You are right pointing out about the certificate not being exportable

So change:

Dim akp = Org.BouncyCastle.Security.DotNetUtilities.GetKeyPair(signature.PrivateKey).Private

Dim es As IExternalSignature = New PrivateKeySignature(akp, "SHA-256")

to just:

Dim es As IExternalSignature = New security.X509Certificate2Signature(signature, "SHA-256")

Answer 2

The error was being caused by the fact that Private Certificate was NOT exportable.
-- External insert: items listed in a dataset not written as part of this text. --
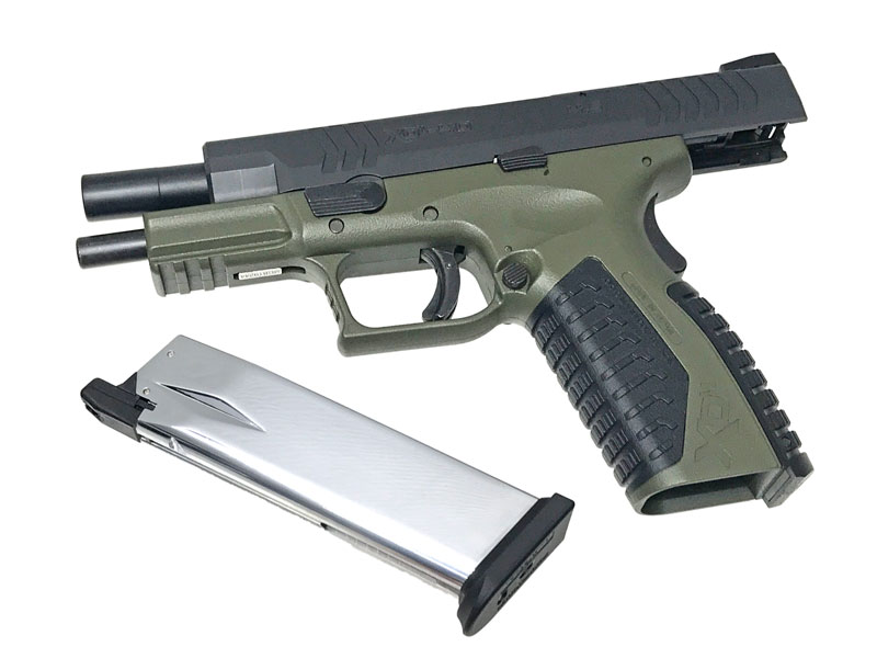 グロックシリーズをはじめ、数々のポリマー(樹脂製)フレーム・オートをラインナップしてきたガスブローバックシリーズに、XDM-40がラインナップ!製作するにあたって、本物から採寸と型取りを行い、ディテールやサイズ、ボディカラーや表面に施されたシボ加工の具合などを細部まで再現しました。
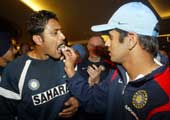 | Rahul Dravid and Anil Kumble at a celebration at the team hotel in Chandigarh on Saturday. (Reuters) |
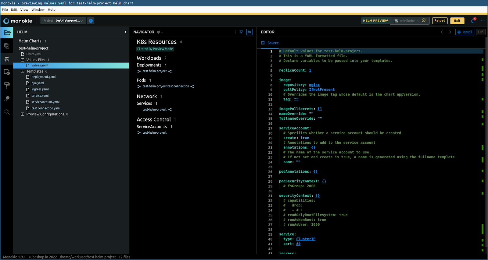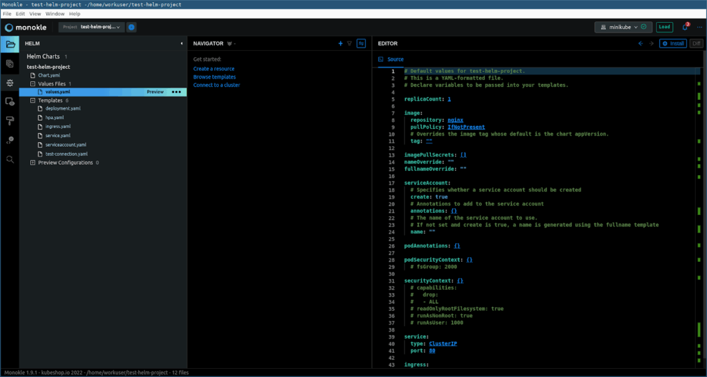 Since Helm is more common for me, I decided to opt Helm for my test project in Monokle. Its template was created using the helm create mytestproject
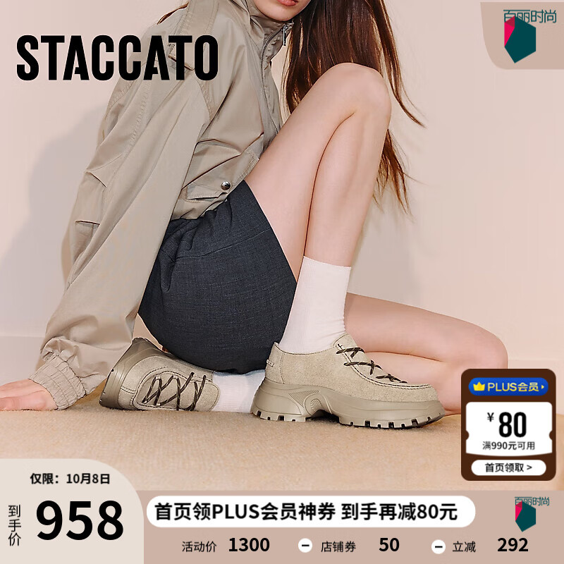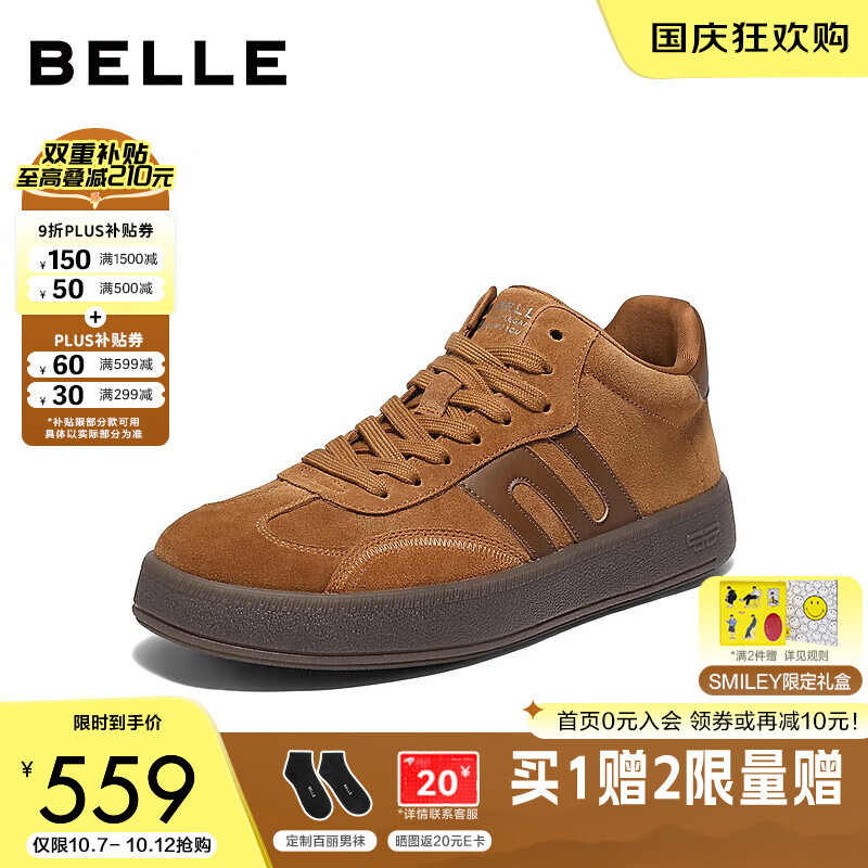 百丽(Belle)张凌赫同款绒面跑道德训鞋女25秋新双鞋带厚底休闲鞋B2897CM5 红色 36
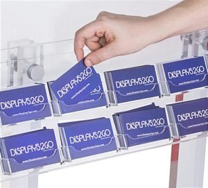Get your company name out there with this acrylic poster stand with business card holders! The clear double sided sign frame effectively displays your advertising in a 22” x 28” frame. Graphics are easy to insert and replace with the side loading design built into the floor standing poster stand so you can stay up to date with promotions and information. After the large sign attracts your potential customers, the open rack pockets allows passerby’s to grab your contact information, keeping the connection going after they walk away. With 20 compartments split evenly on each of the double sided sign frame, you can place your displays in a busy area, such as a lobby or hallway, to reach your audience effectively. Each clear rack offers a unobstrusive view with an angled design, helping to guarantee that anyone who views this poster stand can see and grab your contact information without any hassle.

I had been wondering through all my testing why I was not being prompted even once for my smart card pin for the certificate I was choosing. Which lead me to finally selecting one of my certificates that I know would not ask for pin, and viola, the pdf exported and was signed. Even stepped through the code to view the certificate privatekey property and this time it read

signature.privatekey.CspKeyContainerInfo.Exportable = True

Which finally matched another form i discovered, that stated they fixed their error by making the private key exportable. Now all I have to do is figure out how to make this work with certificates that should be asking me for my pin. If i ever discover that problem I will post back here.